REQUIRED WORK :: No pictures go in the copy; everything else in the records below must be output exactly.

DATA SUPPLIED ::
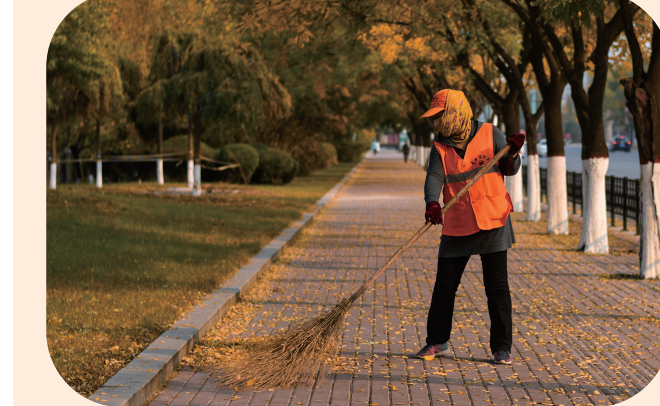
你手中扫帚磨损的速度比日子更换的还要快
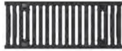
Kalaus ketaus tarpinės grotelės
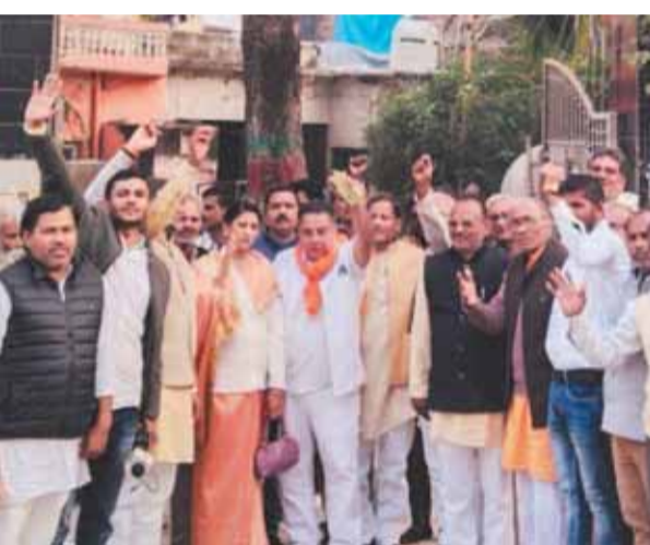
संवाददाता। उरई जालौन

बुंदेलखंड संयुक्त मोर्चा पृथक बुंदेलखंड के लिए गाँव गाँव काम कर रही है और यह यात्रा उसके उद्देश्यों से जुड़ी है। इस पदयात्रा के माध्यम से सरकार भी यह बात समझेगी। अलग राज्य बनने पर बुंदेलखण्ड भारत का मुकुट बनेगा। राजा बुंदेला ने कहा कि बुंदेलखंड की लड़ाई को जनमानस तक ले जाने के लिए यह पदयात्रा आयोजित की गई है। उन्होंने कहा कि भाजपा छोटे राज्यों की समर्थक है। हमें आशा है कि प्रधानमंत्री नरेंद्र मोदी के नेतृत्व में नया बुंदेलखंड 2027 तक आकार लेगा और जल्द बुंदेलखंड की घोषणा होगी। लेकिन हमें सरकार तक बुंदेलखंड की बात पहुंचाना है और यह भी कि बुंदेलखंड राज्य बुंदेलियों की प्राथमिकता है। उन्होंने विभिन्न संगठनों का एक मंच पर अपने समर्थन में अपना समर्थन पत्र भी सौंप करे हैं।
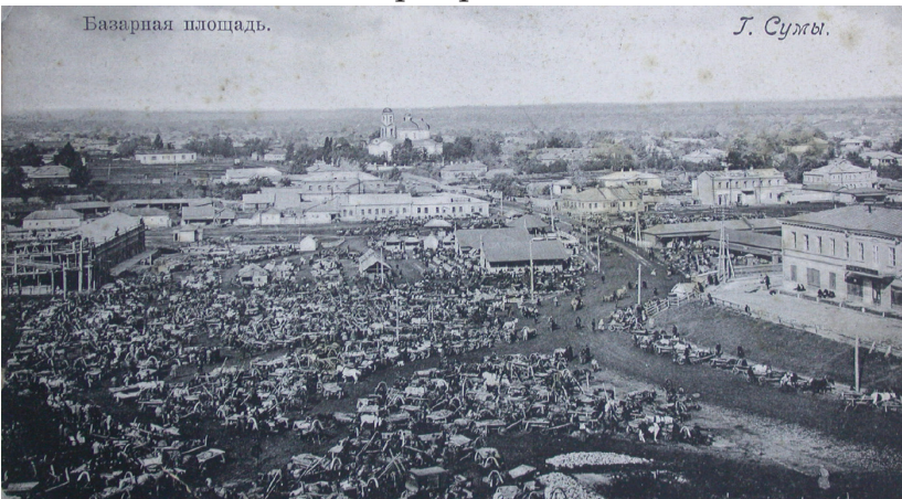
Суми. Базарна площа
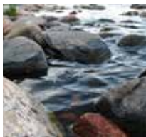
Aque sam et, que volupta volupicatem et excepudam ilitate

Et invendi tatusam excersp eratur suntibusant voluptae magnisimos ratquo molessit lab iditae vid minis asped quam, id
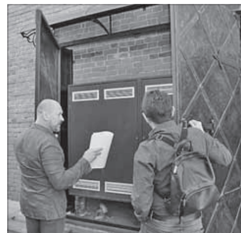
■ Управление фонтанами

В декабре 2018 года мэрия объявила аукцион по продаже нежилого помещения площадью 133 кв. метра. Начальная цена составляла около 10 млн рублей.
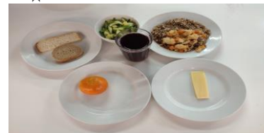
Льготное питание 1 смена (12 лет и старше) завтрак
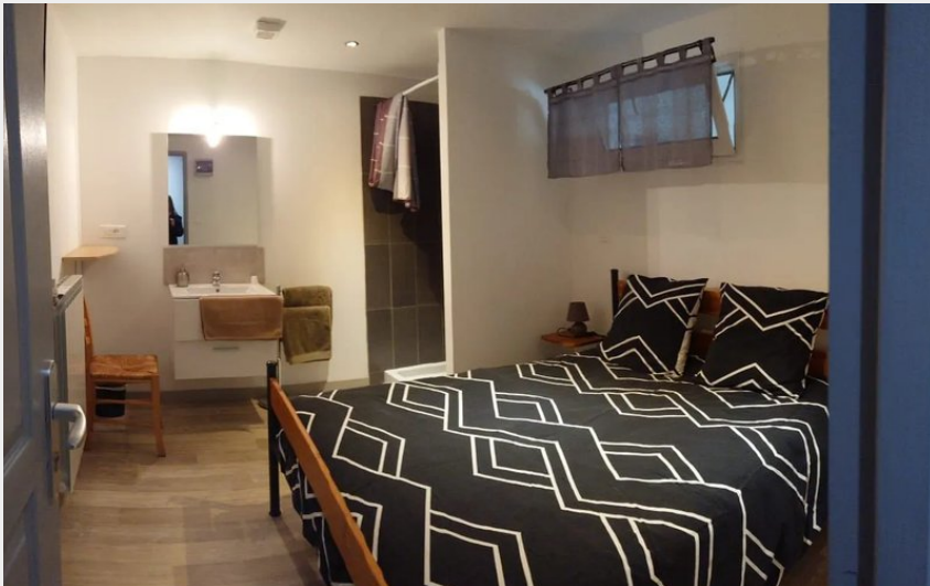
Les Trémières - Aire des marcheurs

ANSWER TO THE PROBLEM ::
你手中扫帚磨损的速度比日子更换的还要快
Kalaus ketaus tarpinės grotelės
संवाददाता। उरई जालौन

बुंदेलखंड संयुक्त मोर्चा पृथक बुंदेलखंड के लिए गाँव गाँव काम कर रही है और यह यात्रा उसके उद्देश्यों से जुड़ी है। इस पदयात्रा के माध्यम से सरकार भी यह बात समझेगी। अलग राज्य बनने पर बुंदेलखण्ड भारत का मुकुट बनेगा। राजा बुंदेला ने कहा कि बुंदेलखंड की लड़ाई को जनमानस तक ले जाने के लिए यह पदयात्रा आयोजित की गई है। उन्होंने कहा कि भाजपा छोटे राज्यों की समर्थक है। हमें आशा है कि प्रधानमंत्री नरेंद्र मोदी के नेतृत्व में नया बुंदेलखंड 2027 तक आकार लेगा और जल्द बुंदेलखंड की घोषणा होगी। लेकिन हमें सरकार तक बुंदेलखंड की बात पहुंचाना है और यह भी कि बुंदेलखंड राज्य बुंदेलियों की प्राथमिकता है। उन्होंने विभिन्न संगठनों का एक मंच पर अपने समर्थन में अपना समर्थन पत्र भी सौंप करे हैं।
Суми. Базарна площа
Aque sam et, que volupta volupicatem et excepudam ilitate

Et invendi tatusam excersp eratur suntibusant voluptae magnisimos ratquo molessit lab iditae vid minis asped quam, id
■ Управление фонтанами

В декабре 2018 года мэрия объявила аукцион по продаже нежилого помещения площадью 133 кв. метра. Начальная цена составляла около 10 млн рублей.
Льготное питание 1 смена (12 лет и старше) завтрак
Les Trémières - Aire des marcheurs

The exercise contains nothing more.